Federal regulators on Friday closed an investigation of multinational nutritional supplements company Herbalife Ltd, which has for years been dogged by accusations that it was run as an elaborate pyramid scheme.
Though Herbalife was ordered to restructure its US operations and pay a US$200 million settlement, it avoided being classified by the US as a pyramid scheme.
According to the settlement, Herbalife must rework the way in which it pays its salespeople. They must be compensated for selling Herbalife products and the company must scrap incentives that reward them for recruiting other salespeople.
A business model that rewards participants for bringing in others to take part in an enterprise is essentially the base model of a pyramid scheme.
“The settlements are an acknowledgment that our business model is sound and underscore our confidence in our ability to move forward successfully, otherwise we would not have agreed to the terms,” Herbalife chairman and CEO Michael Johnson said.
News that the US Federal Trade Commission (FTC) was closing its two-year investigation without labeling Herbalife as a pyramid scheme sent shares soaring by 16 percent at the open of trade.
The company’s shares were hammered almost four years ago when a prominent hedge fund manager unleashed a blistering attack on the company.
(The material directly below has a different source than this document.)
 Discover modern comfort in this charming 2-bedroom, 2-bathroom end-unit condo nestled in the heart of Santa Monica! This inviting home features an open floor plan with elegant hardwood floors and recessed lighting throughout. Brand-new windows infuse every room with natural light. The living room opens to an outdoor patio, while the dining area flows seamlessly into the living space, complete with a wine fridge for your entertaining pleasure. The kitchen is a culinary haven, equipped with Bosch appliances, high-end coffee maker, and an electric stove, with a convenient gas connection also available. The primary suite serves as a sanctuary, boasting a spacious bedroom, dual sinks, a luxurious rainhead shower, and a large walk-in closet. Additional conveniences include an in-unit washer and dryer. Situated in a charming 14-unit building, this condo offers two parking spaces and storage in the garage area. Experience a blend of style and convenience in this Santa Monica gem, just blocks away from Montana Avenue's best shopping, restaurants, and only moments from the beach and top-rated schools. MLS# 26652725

Since that time, Herbalife has become a proxy battlefield for major Wall Street players who took opposing sides, some shorting the company’s stock believing it would collapse, while others bought huge caches of Herbalife shares.
One of the most vocal supporters has been activist investor and billionaire Carl Icahn, who built up an 18 percent stake in the company after it came under assault from hedge fund manager Bill Ackman in 2012.
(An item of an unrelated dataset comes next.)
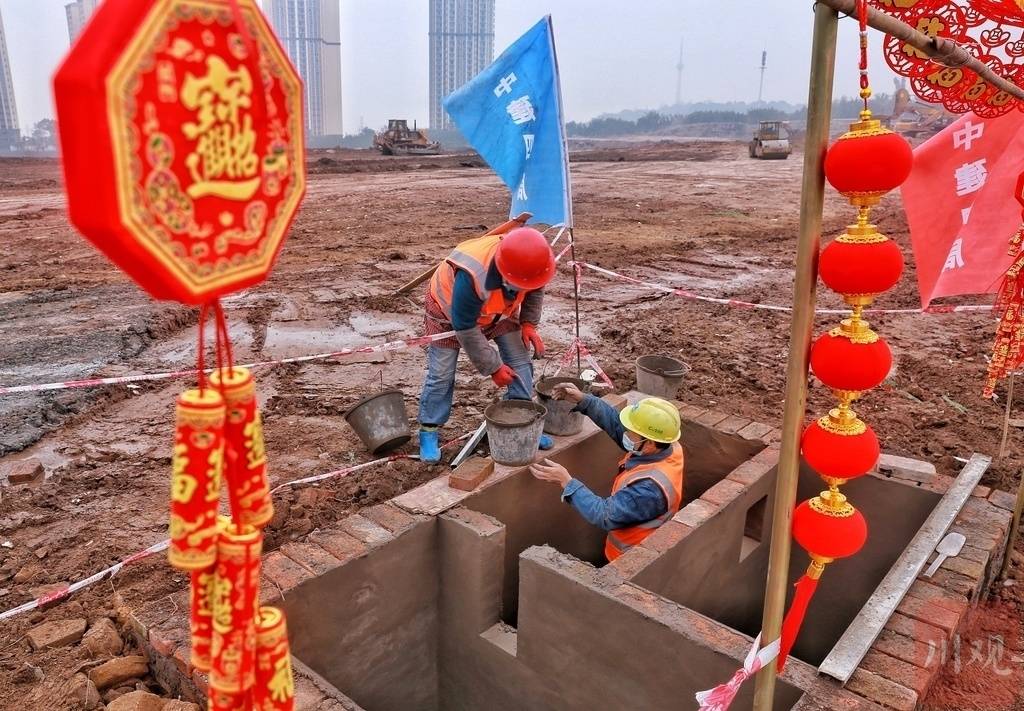 2月3日上午,在泸州市龙马潭区鱼塘街道的龙马高中在建工地正大门处,大红灯笼高挂,中国结和一连串的金色福字排排相连,搭配着施工场地内挖掘机的摩擦声,钻孔机的“咚咚”声,给这片嘈杂荒凉的黄色土地增添了几分热闹感。

On Friday, Herbalife announced that it was boosting Icahn’s stock ownership limit from 25 percent to 34.99 percent.
“The FTC settlement announced today [Friday], coming after a two-year investigation also concluded that Herbalife is not a pyramid scheme — a conclusion that obviously vindicates our research and conviction,” Icahn said in a printed release.
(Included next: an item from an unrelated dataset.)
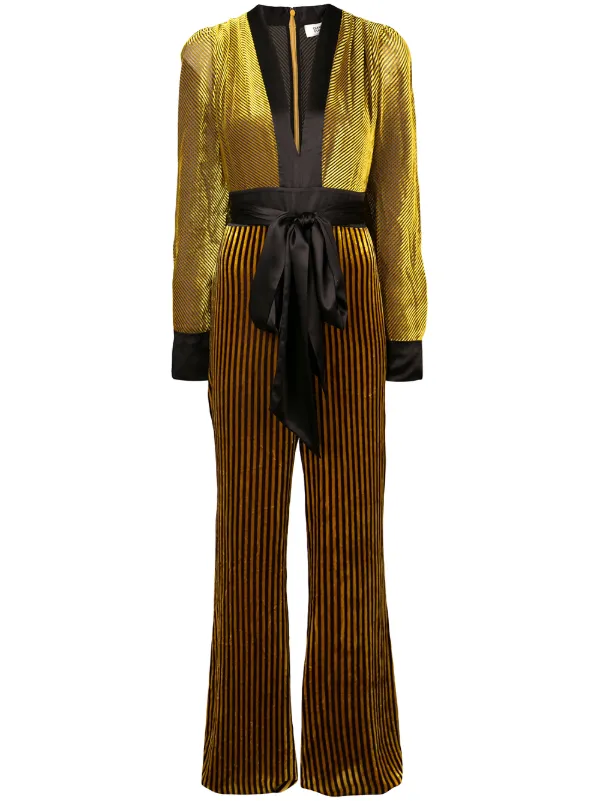 Gold Satin Trimmed Striped Devore Velvet Jumpsuit Diane Von Furstenberg Velvet Jumpsuit Jumpsuit Diane Von Furstenberg

“While Bill Ackman and I are on friendly terms, we have agreed to disagree (vehemently) on this subject,” the statement said.
The two had once sparred when they both called into the business channel CNBC, with Ackman calling Icahn a bully, and Icahn saying that Ackman reminded him of a little boy crying on a playground.
On Friday, Ackman’s Pershing Square Capital Management LP issued a statement to say it was standing behind its characterization of Herbalife.
“While it appears that Herbalife negotiated away the words ‘pyramid scheme’ from the settlement agreement, the FTC’s findings are clear,” it said.
Pershing Square said that it foresees Herbalife’s top distributors and others leaving the company once its restructuring is fully implemented.
A number of Wall Street heavyweights, from George Soros to Michael Gordon, at some point took sizeable positions in Herbalife against Ackman.
However, under requirements of the deal it struck with the FTC, Herbalife is facing some significant hurdles going forward.
At least 80 percent of Herbalife’s product sales must come from “legitimate end-users,” the FTC said.
That is exactly the contention that Ackerman first made four years ago, that Herbalife was able to generate huge sales because so much of its products were sold to its own salespeople, who in turn would have to sell the products to turn a profit themselves.
Shares of Herbalife gained more than 9 percent in Friday afternoon trading.